State decoration of Mongolia

The Order of the Precious Wand (Mongolian: Эрдэнийн Очир одон, ), also known as the Order of the Vajra or the Order of the Precious Rod, is a state decoration of Mongolia originally instituted in 1913 and re-instituted in 1991. It is awarded to foreign statesmen and individuals who have made a great contribution to strengthening the principles of democracy and cooperation with Mongolia. It was the highest state award of Mongolia between the years 1913–1921 and 1991–2002.

== History ==
The Minister of Foreign Affairs of Mongolia Mijiddorjiin Khanddorj made a visit to St. Petersburg in 1912, immediately after the Mongolian Revolution of 1911, where during the visit he was awarded the Imperial Order of Saint Anne 1st class, as well as the Order of Saint Stanislaus 1st and 2nd classes. After the visit, Khanddorj proposed to the Bogd Khan to create a similar order based on the Russian one. The first awards were ordered by the Prime Minister Tögs-Ochiryn Namnansüren in St. Petersburg and were made in 1913. Initially, the order had three degrees, which were further divided into twelve classes. The first degree (тэргүүн зэрэг) included the Order of Genghis Khan, which was intended to award the heads (monarchs and heirs to the throne) of foreign states, the Order of Abtai Sain Khanfor awarding foreign princes, and Undur Gegen. The second and third degree orders were awarded to both Mongolian and foreign government officials and private individuals.

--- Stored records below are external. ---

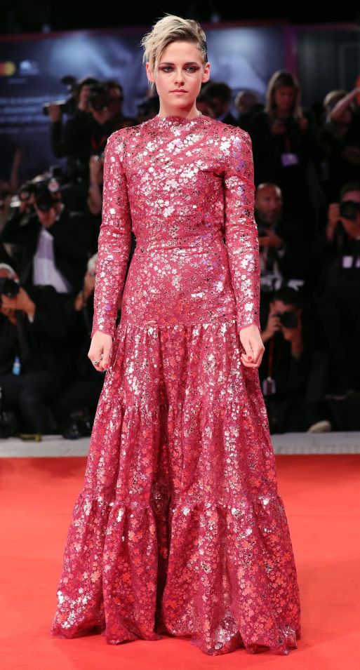 Fidelă casei de modă Chanel, Stewart și-a făcut prezența într-o rochie cu printuri florale Chanel la Festivalul de Film de la Veneția. A adăugat un makeup dramatic în jurul ochilor, într-o nuanță asemănătoare rochiei iar părul, așa cum ne-a obișnuit, l-a păstrat în stilul său caracteristic, messy style. Printre aparițiile spectaculoase, s-a remarcat cu un look foarte edgy dar în același timp, feminin.
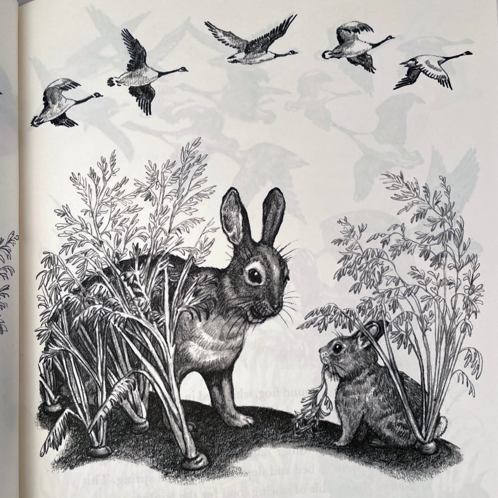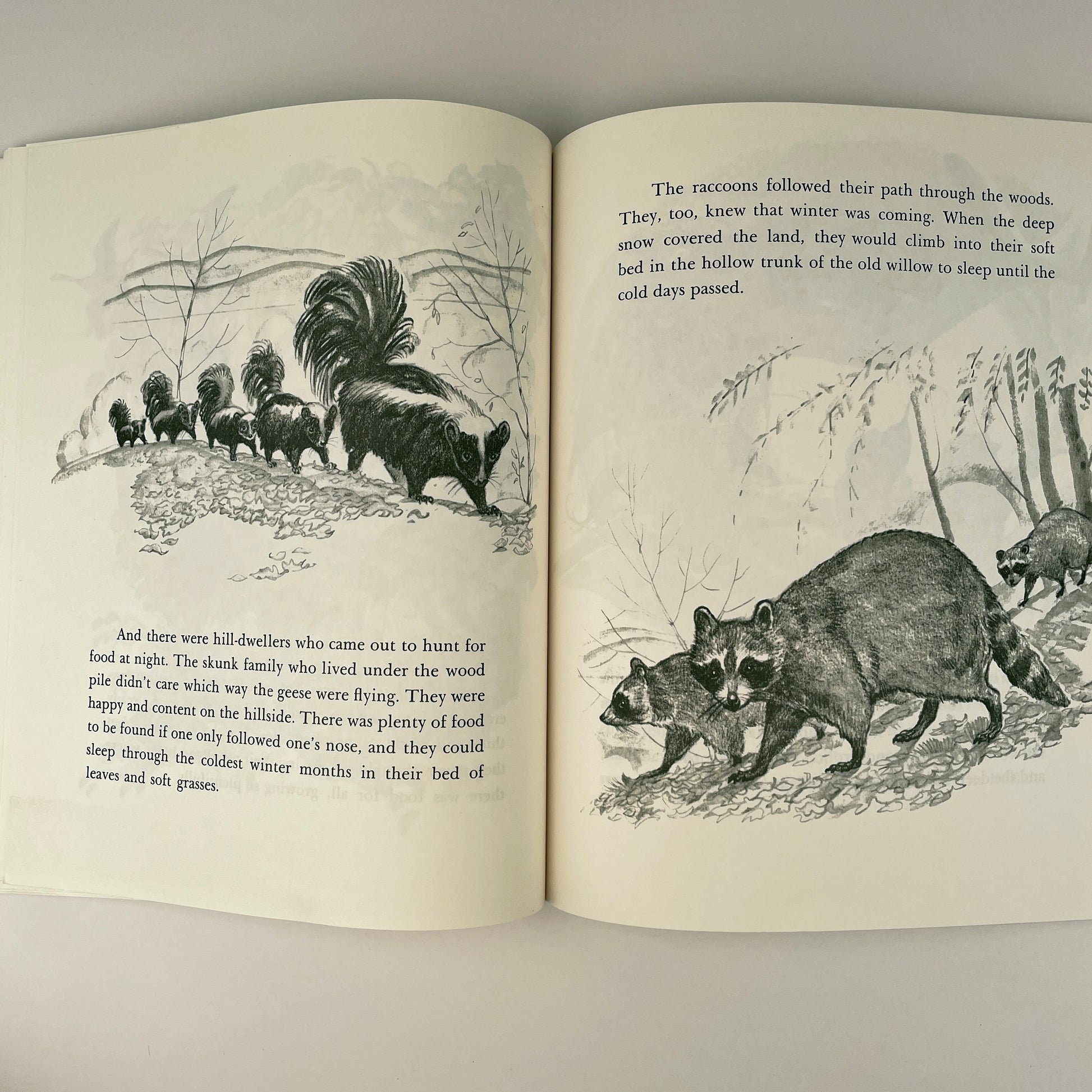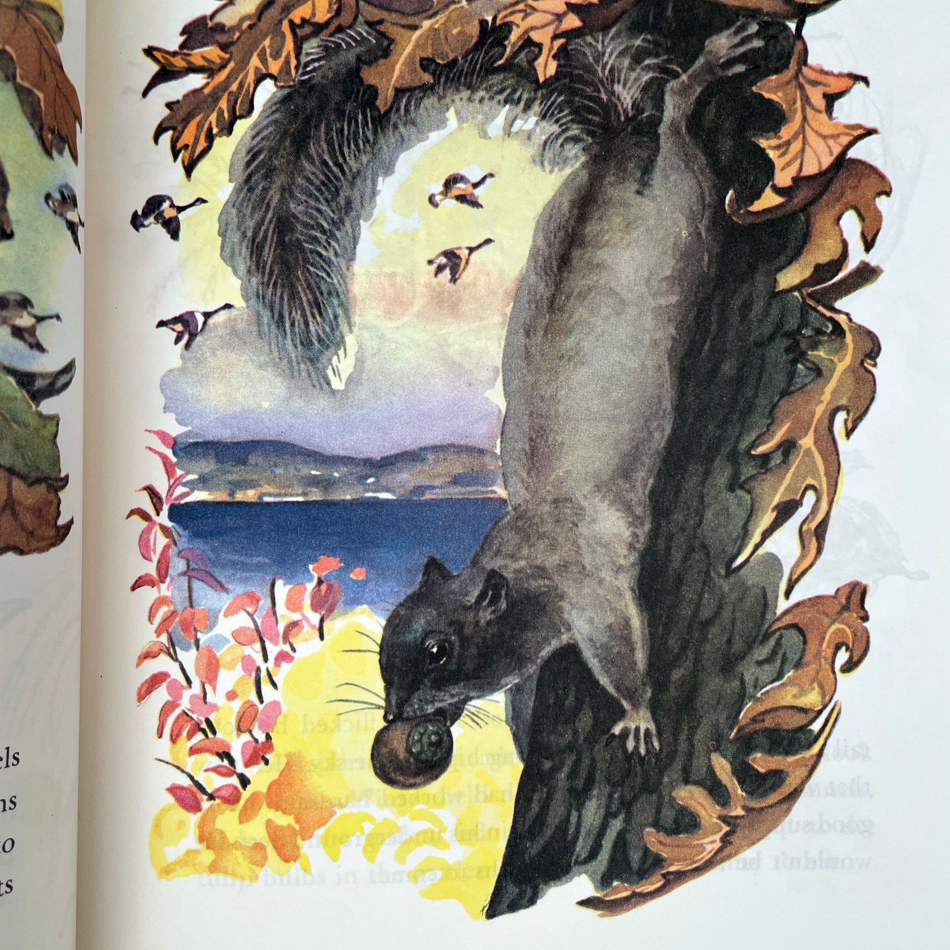 "Honk-honk-honk." The wild geese fly south when cold winds begin to blow from the north. The red squirrel stores nuts and acorns and seeds under leaves and logs. It is getting ready for winter... and the first BIG SNOW.
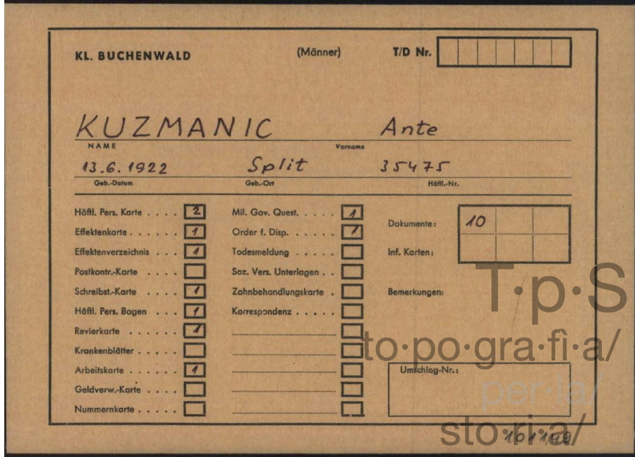Per altri, Buchenwald fu solamente una delle molteplici stazioni di transito. Bogomir Linić, per esempio, dopo Buchenwald, trascorse due mesi e mezzo a Colonia per poi essere trasferito in Francia a Calais e nella cittadina di Hesdin, dove lavorò alla fabbricazione dei torpedo. Di qui passò per Osnabrück, di nuovo Buchenwald, dove rimase fino alla fine del 1944 e, transitando per un campo di cui Linić non ricorda il nome, deportato nelle cittadine polacche di Walhau e Breslavia, dalle quali fu inviato infine alla prigione di Brandeburg-Görden, presso la località di Brandeburg an der Havel, dove si trovava al momento della liberazione da parte dell'Armata rossa32.

After the Mongolian Revolution of 1921 overthrowing the Bogd Khanate of Mongolia, the order was presented to the head of the Soviet mission in the capital, A. Ya. Okhtin, the chief of staff of the Mongolian People's Army Vladimir Antonovich Khuva, and to the Soviet military leaders Konstantin Neumann and Dmitry Iosifovich Kosich. However, this order was soon abolished as it was deemed being "feudal".

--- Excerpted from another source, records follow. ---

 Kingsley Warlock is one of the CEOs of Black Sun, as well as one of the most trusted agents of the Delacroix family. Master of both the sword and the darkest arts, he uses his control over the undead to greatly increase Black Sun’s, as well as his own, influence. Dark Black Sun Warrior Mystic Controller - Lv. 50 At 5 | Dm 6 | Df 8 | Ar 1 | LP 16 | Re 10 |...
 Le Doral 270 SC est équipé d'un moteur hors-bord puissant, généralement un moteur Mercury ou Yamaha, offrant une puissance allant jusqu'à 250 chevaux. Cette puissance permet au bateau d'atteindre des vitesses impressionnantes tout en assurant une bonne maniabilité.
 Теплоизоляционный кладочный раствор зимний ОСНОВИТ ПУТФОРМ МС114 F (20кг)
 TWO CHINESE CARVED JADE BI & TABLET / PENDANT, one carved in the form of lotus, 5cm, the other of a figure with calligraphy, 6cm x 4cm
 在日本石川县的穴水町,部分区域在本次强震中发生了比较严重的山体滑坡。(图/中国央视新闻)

The Order was re-established in 1991 with three degrees without classes. It is awarded to foreign statesmen and individuals who have made a great contribution to strengthening the principles of democracy and cooperation with Mongolia.

With the establishment of the Order of Chinggis Khaan in 2002, the Order of the Precious Staff lost its status as the highest state award.